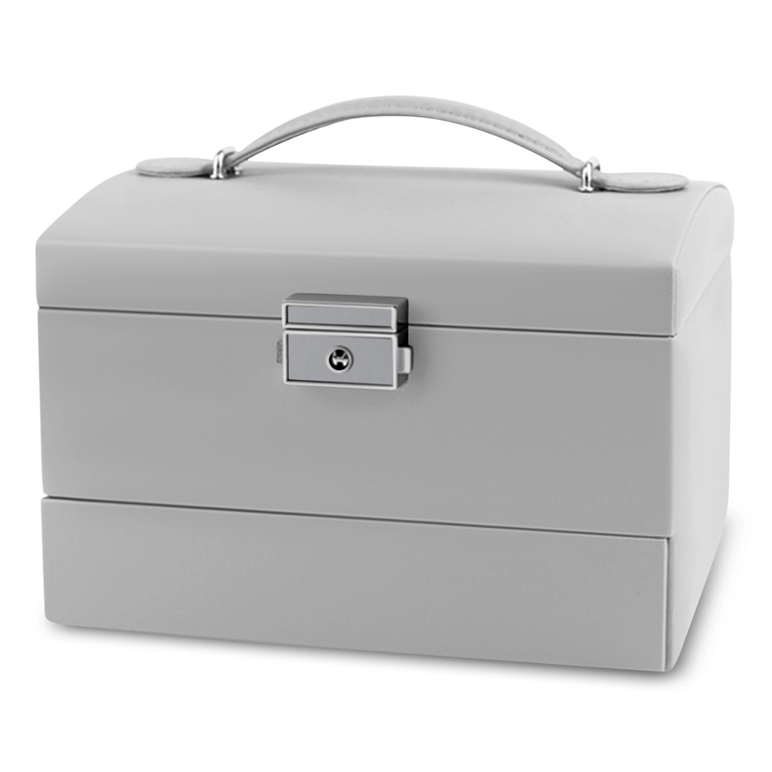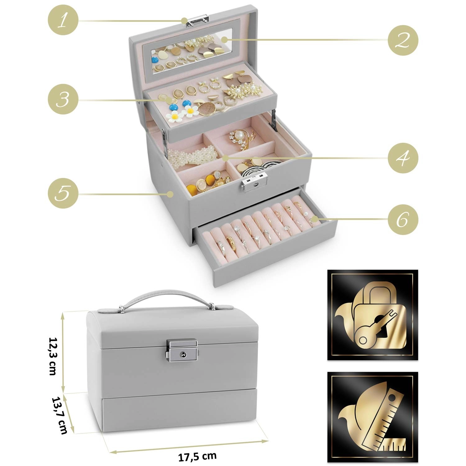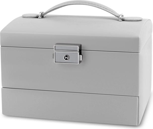 Takket være nøglelåsen åbner smykkeskrinet ikke utilsigtet under transport og forbliver sikkert. Det ergonomiske håndtag og den lette konstruktion gør det til en fremragende rejsepartner og et elegant tilbehør til toiletbordet.
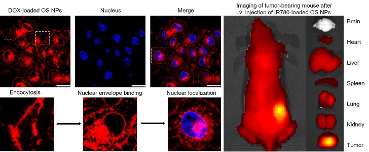 该研究以主要成分为二氧化硅的天然无定型蛋白页岩为原料,采用超声乳化—溶剂挥发—梯度离心相结合的方法制备了无定型介孔蛋白页岩载体。该无定型载体相比化学合成二氧化硅纳米粒基于结晶型的细胞毒性,具有良好的生物安全性。在肿瘤药物递送的应用方面,基于疏水相互作用负载疏水性药物阿霉素后,可通过增加癌细胞的药物摄取来提高诱导肿瘤细胞凋亡的效率;给药系统可能通过介孔结构导致的强吸附性与细胞膜高效结合,进而通过内吞途径进入细胞;再通过强吸附性与细胞核膜结合,促进阿霉素入核。给药系统特异性蓄积于肿瘤,蓄积浓度显著高于肝脾肾,具有优于游离阿霉素的抗肿瘤治疗效果。该工作有望为二氧化硅纳米粒作为药物载体的设计与开发提供新的思路。
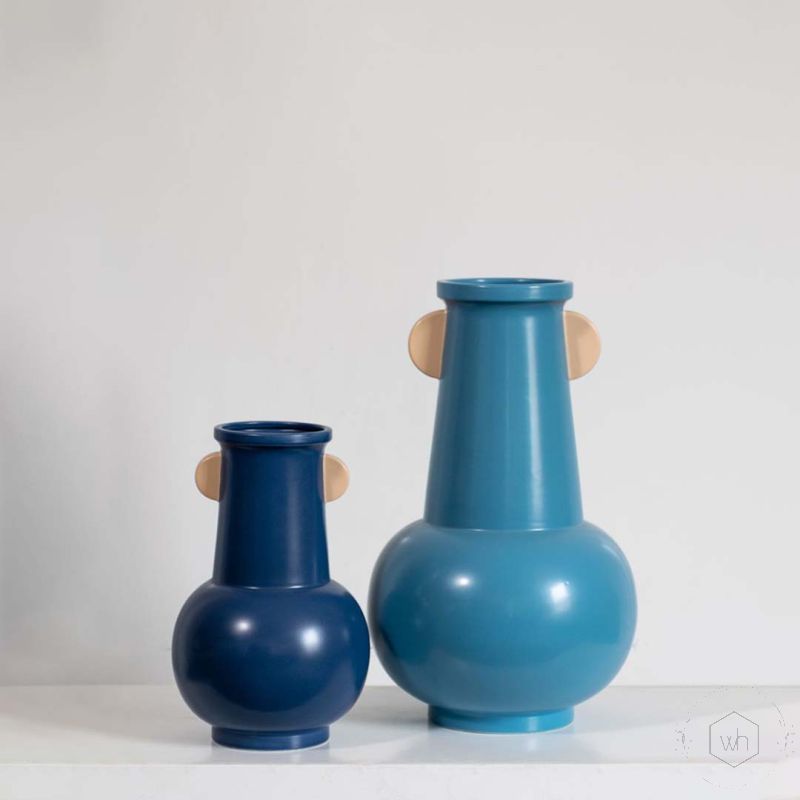 The Nicita Ceramic Vase is ideal for showcasing tall flowers and dried grasses. Crafted with a glossy matte finish in majestic blue, its round, bulky bottom provides an artistic, handmade appeal, adding eye-catching visual interest to your home decor.

- **Requirement**
Starting with the first line of the material, print each line exactly until you have printed the line with "该研究以主要成分为二氧化硅的", and skip the pictures.

- **Solved exercise**
 Takket være nøglelåsen åbner smykkeskrinet ikke utilsigtet under transport og forbliver sikkert. Det ergonomiske håndtag og den lette konstruktion gør det til en fremragende rejsepartner og et elegant tilbehør til toiletbordet.
 该研究以主要成分为二氧化硅的天然无定型蛋白页岩为原料,采用超声乳化—溶剂挥发—梯度离心相结合的方法制备了无定型介孔蛋白页岩载体。该无定型载体相比化学合成二氧化硅纳米粒基于结晶型的细胞毒性,具有良好的生物安全性。在肿瘤药物递送的应用方面,基于疏水相互作用负载疏水性药物阿霉素后,可通过增加癌细胞的药物摄取来提高诱导肿瘤细胞凋亡的效率;给药系统可能通过介孔结构导致的强吸附性与细胞膜高效结合,进而通过内吞途径进入细胞;再通过强吸附性与细胞核膜结合,促进阿霉素入核。给药系统特异性蓄积于肿瘤,蓄积浓度显著高于肝脾肾,具有优于游离阿霉素的抗肿瘤治疗效果。该工作有望为二氧化硅纳米粒作为药物载体的设计与开发提供新的思路。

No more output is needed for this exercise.